Work instructions
Among the entries below, copy only the span from the line containing "外運![]() | 西木戸藍加さんの外運は15画の4つ星!人徳があり出世する。順調に物事を進め円満な人生。" through the line containing "Designed with soft". Do so exactly, and skip the pictures.

Information provided
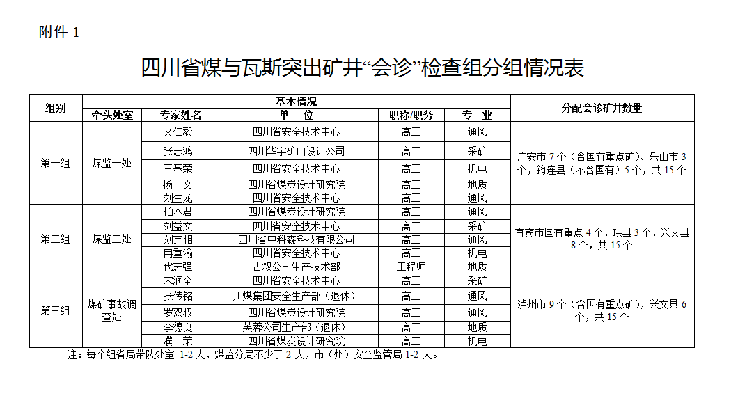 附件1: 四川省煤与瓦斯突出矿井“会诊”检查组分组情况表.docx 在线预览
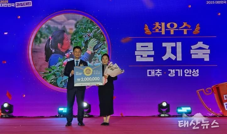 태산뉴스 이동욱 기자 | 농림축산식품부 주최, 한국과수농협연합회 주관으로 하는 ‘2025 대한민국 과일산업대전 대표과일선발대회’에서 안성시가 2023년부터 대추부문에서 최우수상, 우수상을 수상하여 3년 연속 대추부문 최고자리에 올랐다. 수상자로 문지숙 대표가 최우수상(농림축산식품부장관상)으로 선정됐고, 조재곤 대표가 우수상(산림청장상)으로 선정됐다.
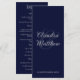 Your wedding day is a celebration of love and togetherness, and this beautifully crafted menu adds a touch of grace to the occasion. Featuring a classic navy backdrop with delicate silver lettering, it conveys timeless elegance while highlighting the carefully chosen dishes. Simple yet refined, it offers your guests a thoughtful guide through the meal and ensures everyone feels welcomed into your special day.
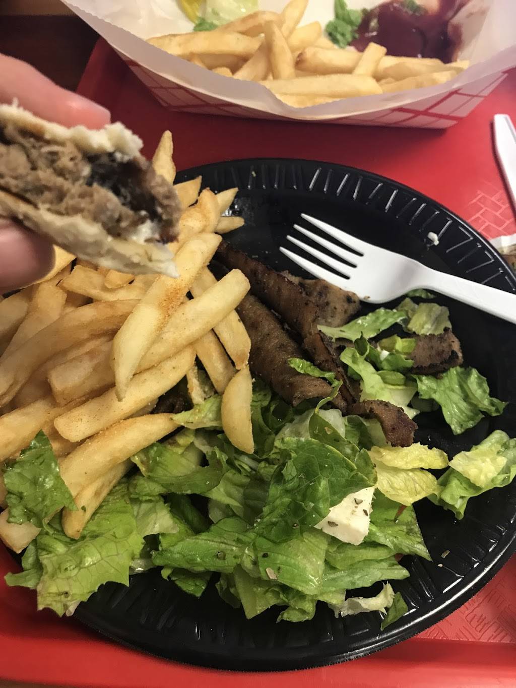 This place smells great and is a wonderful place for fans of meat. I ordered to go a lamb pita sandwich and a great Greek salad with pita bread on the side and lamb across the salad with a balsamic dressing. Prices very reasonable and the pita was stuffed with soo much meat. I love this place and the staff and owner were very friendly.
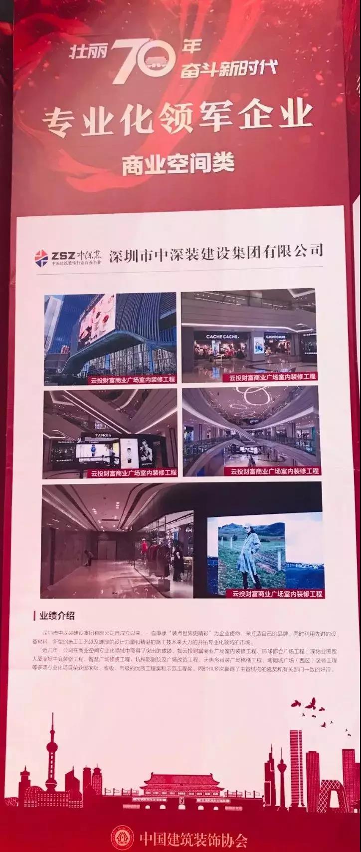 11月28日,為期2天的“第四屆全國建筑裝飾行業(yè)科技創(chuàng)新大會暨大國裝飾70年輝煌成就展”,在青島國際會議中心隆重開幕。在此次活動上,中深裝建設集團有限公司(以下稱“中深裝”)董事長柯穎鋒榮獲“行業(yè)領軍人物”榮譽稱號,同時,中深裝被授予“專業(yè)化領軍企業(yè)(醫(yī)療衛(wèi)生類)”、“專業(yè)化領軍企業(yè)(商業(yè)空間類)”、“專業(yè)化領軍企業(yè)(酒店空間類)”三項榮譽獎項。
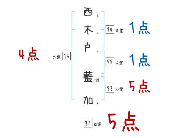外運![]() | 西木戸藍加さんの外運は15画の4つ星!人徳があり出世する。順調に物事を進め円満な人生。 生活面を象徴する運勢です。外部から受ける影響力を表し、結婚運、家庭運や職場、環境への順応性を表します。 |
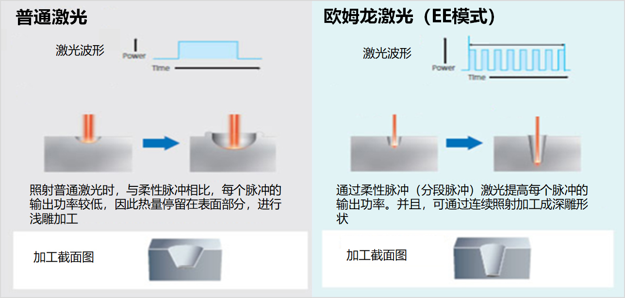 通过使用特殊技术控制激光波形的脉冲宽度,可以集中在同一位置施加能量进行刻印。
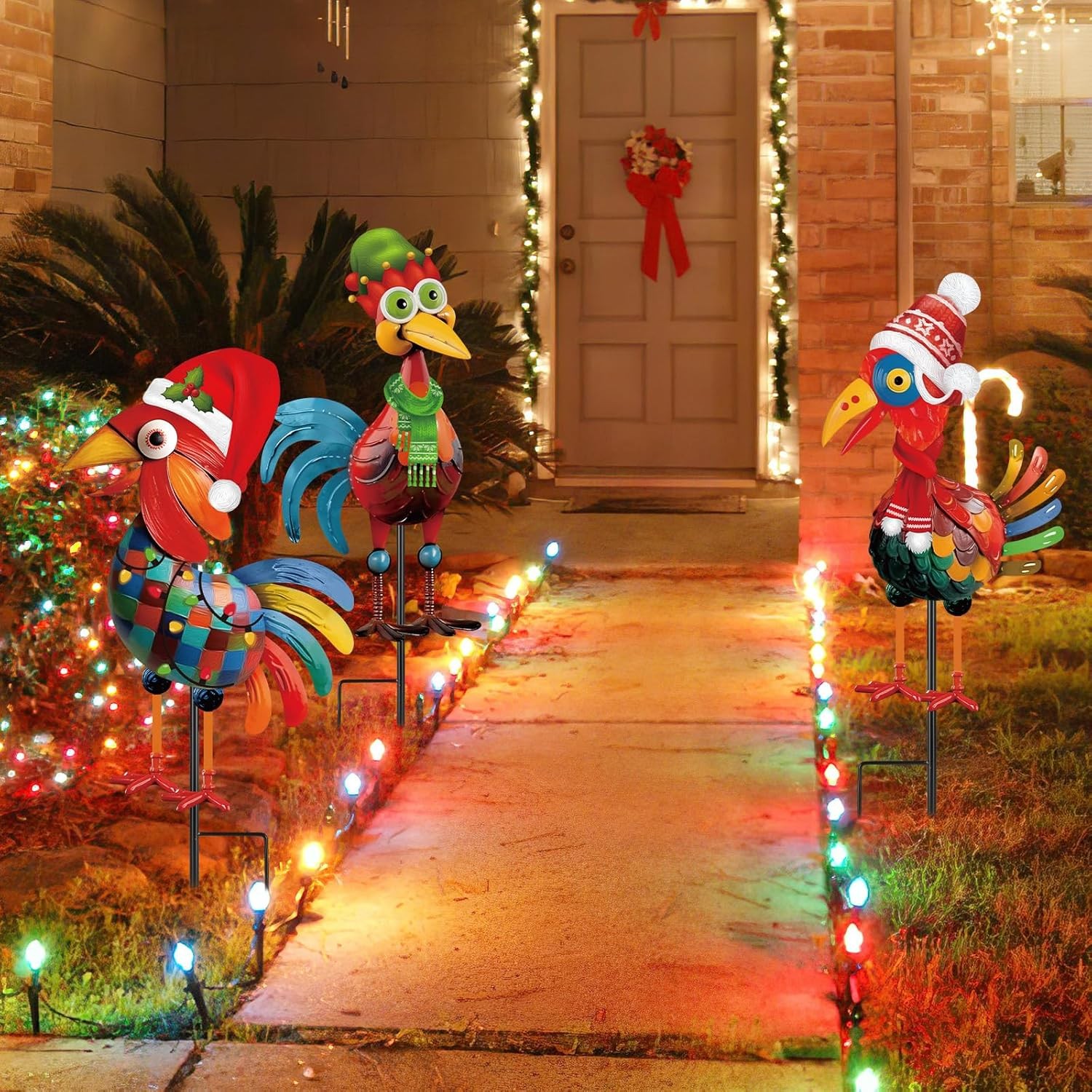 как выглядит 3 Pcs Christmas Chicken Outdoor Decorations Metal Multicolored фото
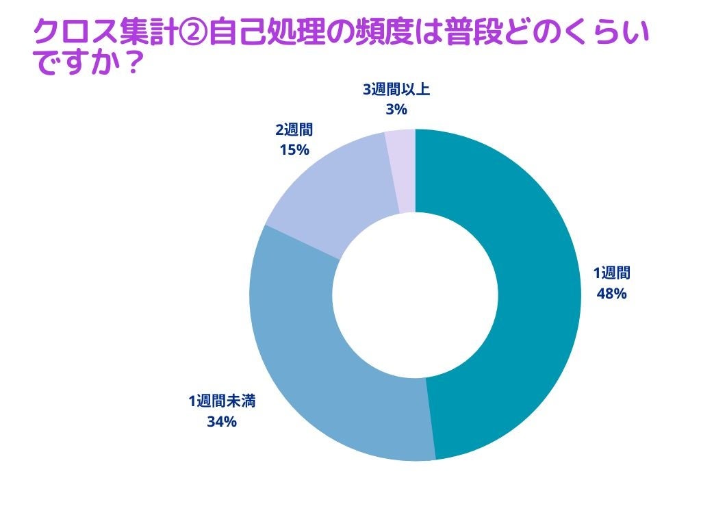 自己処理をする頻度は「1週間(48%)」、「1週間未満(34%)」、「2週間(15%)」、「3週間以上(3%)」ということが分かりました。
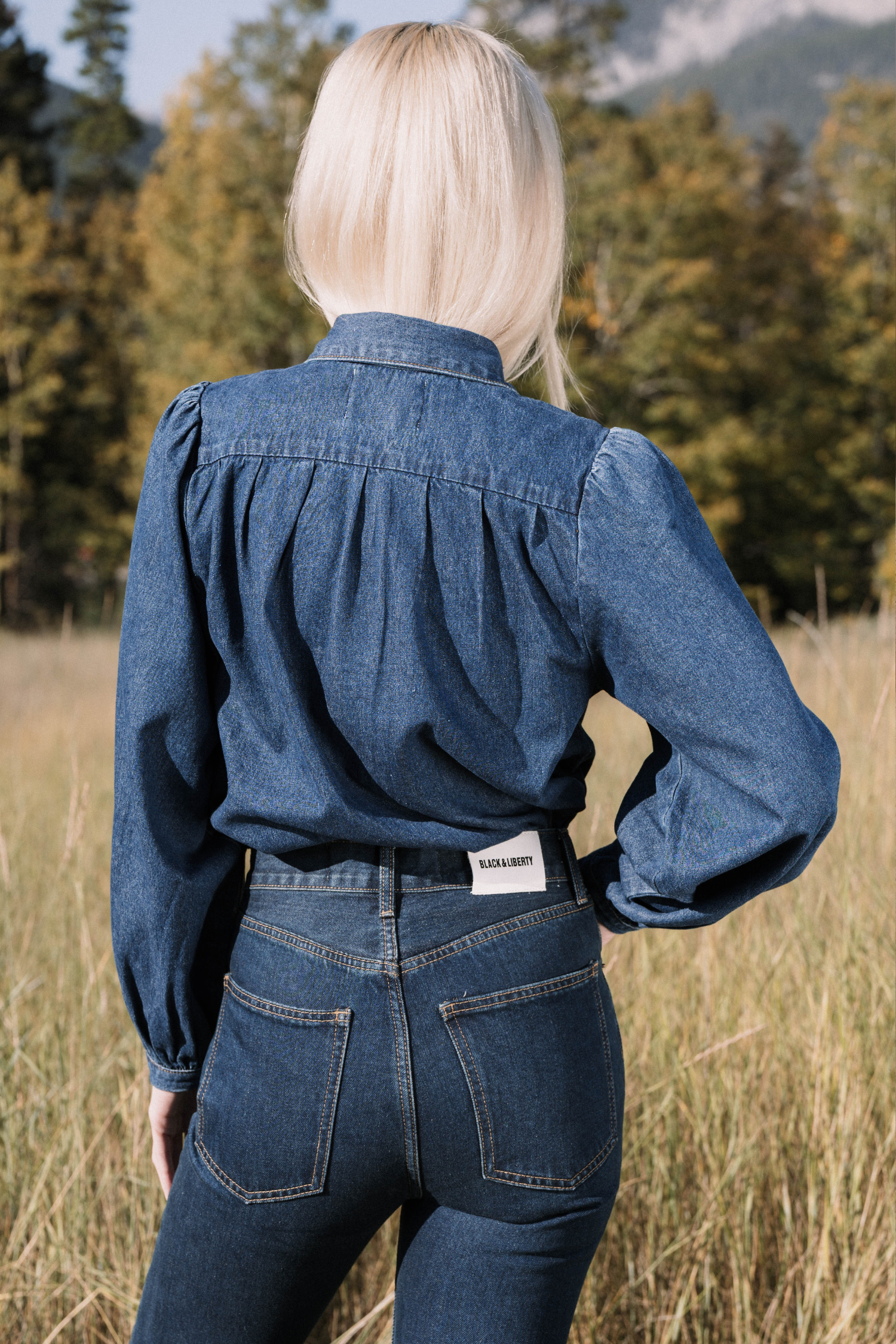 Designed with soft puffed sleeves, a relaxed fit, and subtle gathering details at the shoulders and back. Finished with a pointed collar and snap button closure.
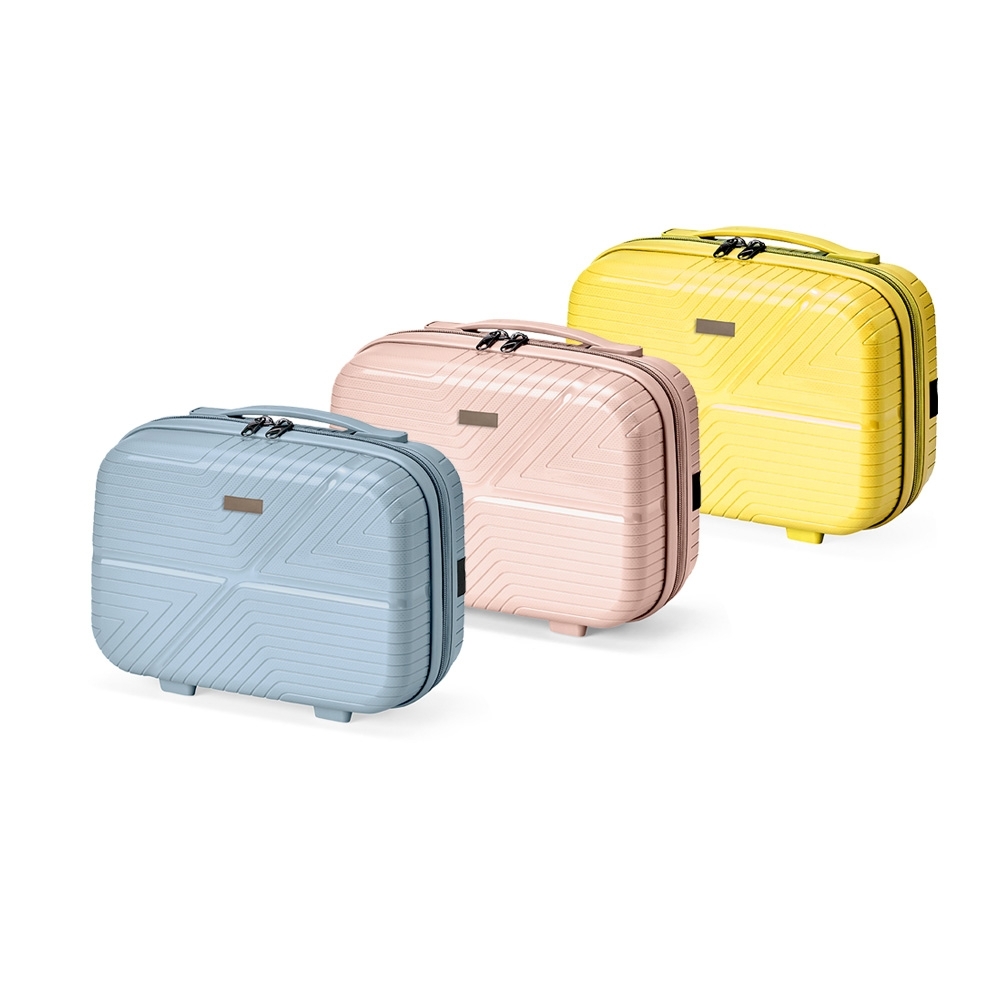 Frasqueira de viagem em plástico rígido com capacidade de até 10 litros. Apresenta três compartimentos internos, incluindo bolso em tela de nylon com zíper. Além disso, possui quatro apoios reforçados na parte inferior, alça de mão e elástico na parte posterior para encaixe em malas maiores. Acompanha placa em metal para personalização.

Solved problem
外運![]() | 西木戸藍加さんの外運は15画の4つ星!人徳があり出世する。順調に物事を進め円満な人生。 生活面を象徴する運勢です。外部から受ける影響力を表し、結婚運、家庭運や職場、環境への順応性を表します。 |
 通过使用特殊技术控制激光波形的脉冲宽度,可以集中在同一位置施加能量进行刻印。
 как выглядит 3 Pcs Christmas Chicken Outdoor Decorations Metal Multicolored фото
 自己処理をする頻度は「1週間(48%)」、「1週間未満(34%)」、「2週間(15%)」、「3週間以上(3%)」ということが分かりました。
 Designed with soft puffed sleeves, a relaxed fit, and subtle gathering details at the shoulders and back. Finished with a pointed collar and snap button closure.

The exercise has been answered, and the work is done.